Many studies have documented the benefits of quality early childhood developmental programs for infants, preschool children and their families. However, the results of the most detailed studies, one lasting 25 years, began to appear in the fall of 2004 and have provided the best understanding and most thorough documentation of the long-term benefits of these programs. Here are some snippets of information from these studies:
- For every dollar spent on preschool developmental services, the public receives benefits ranging from $3.78 to $8.74.

- Early childhood developmental services result in:
- Fewer special education and other services later in life.
- More students entering kindergarten ready to learn.

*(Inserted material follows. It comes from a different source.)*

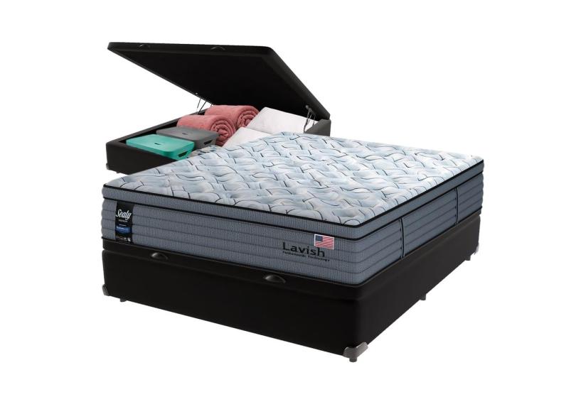Cama Box Baú Preto e Colchão Casal Lavish Molas Ensacadas Sealy

- Higher levels of verbal, mathematical and intellectual achievement in K-12 and better academic performance in general throughout their lives.
- Less drug and alcohol abuse.
- Less child abuse and fewer contacts with the criminal justice system as juveniles.

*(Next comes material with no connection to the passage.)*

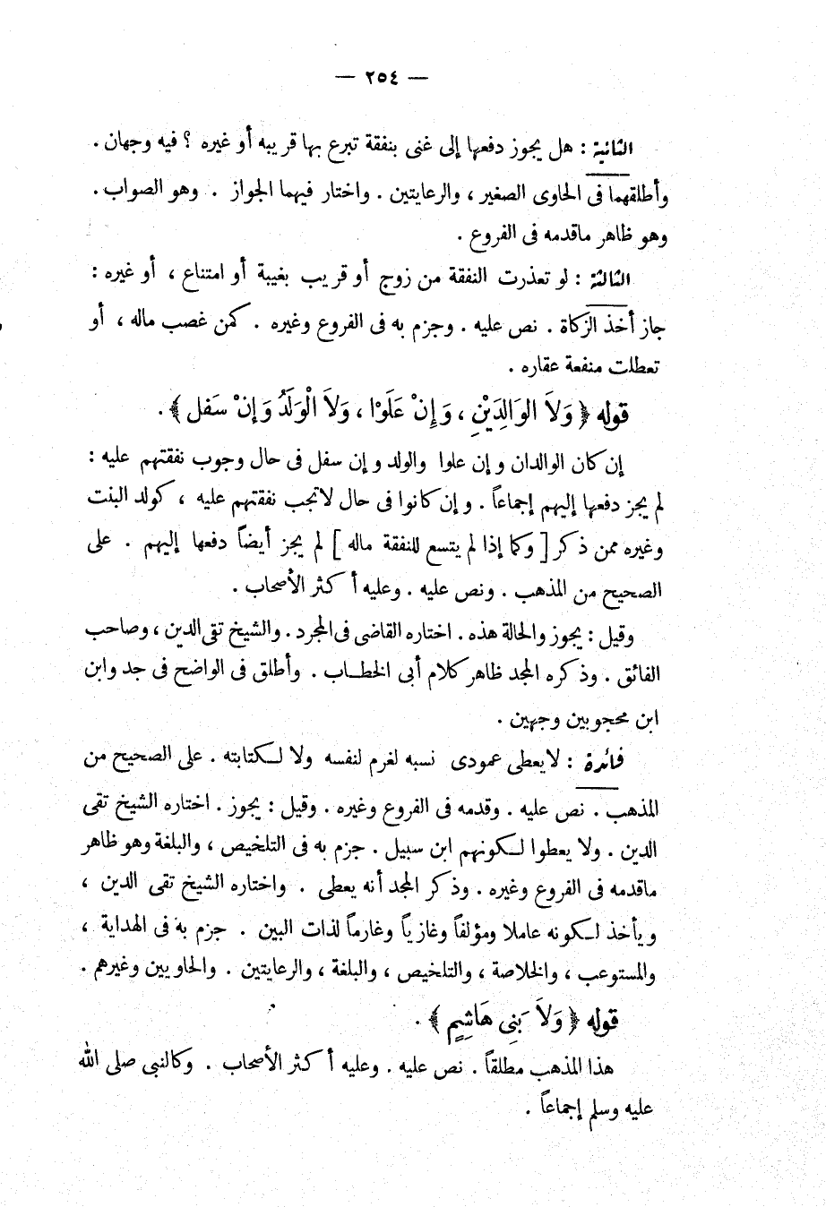 قَوْلُهُ (وَلَا بَنِي هَاشِمٍ) هَذَا الْمَذْهَبُ مُطْلَقٌ، نَصَّ عَلَيْهِ، وَعَلَيْهِ أَكْثَرُ الْأَصْحَابِ، وَكَالنَّبِيِّ - صَلَّى اللَّهُ عَلَيْهِ وَسَلَّمَ - إجْمَاعًا.

- Less likely to be a teenage parent.
- Higher graduation rates.
- Lower divorce rates for parents and the children when they reach adulthood.
- Decline in welfare benefits Higher employment rates and earnings rate
- Tax payers rather than tax users.
- A study by the Federal Reserve Bank of Minneapolis concluded:
- The annual rate of return for the individual and the public over the lifetime of an at-risk preschooler who had received early developmental services was 16%, compared to an average annual stock market return of 6.3% measured from 1871 to 1998.
- Art Rolnick, Senior Vice President and Director of Research for the Federal Reserve Bank of Minneapolis wrote:
- “The literature is clear: Dollars invested in early childhood development yield extraordinary public (and private) returns.”
- Robert G. Lynch, associate professor and chairman of the Department of Economics at Washington College concluded:
- If all at-risk children received early childhood services…, the economic benefits would offset 1/5 of the projected social security deficit between 2030 and 2050.
- Nobel Prize winning economist James Heckman of the University of Chicago concludes:
- “We cannot afford to postpone investing in children until they become adults, nor can we wait until they reach school age – a time when it may be too late to intervene. Learning is a dynamic process and is most effective when it begins at a young age…Interventions at an early age…have proven to be highly effective.”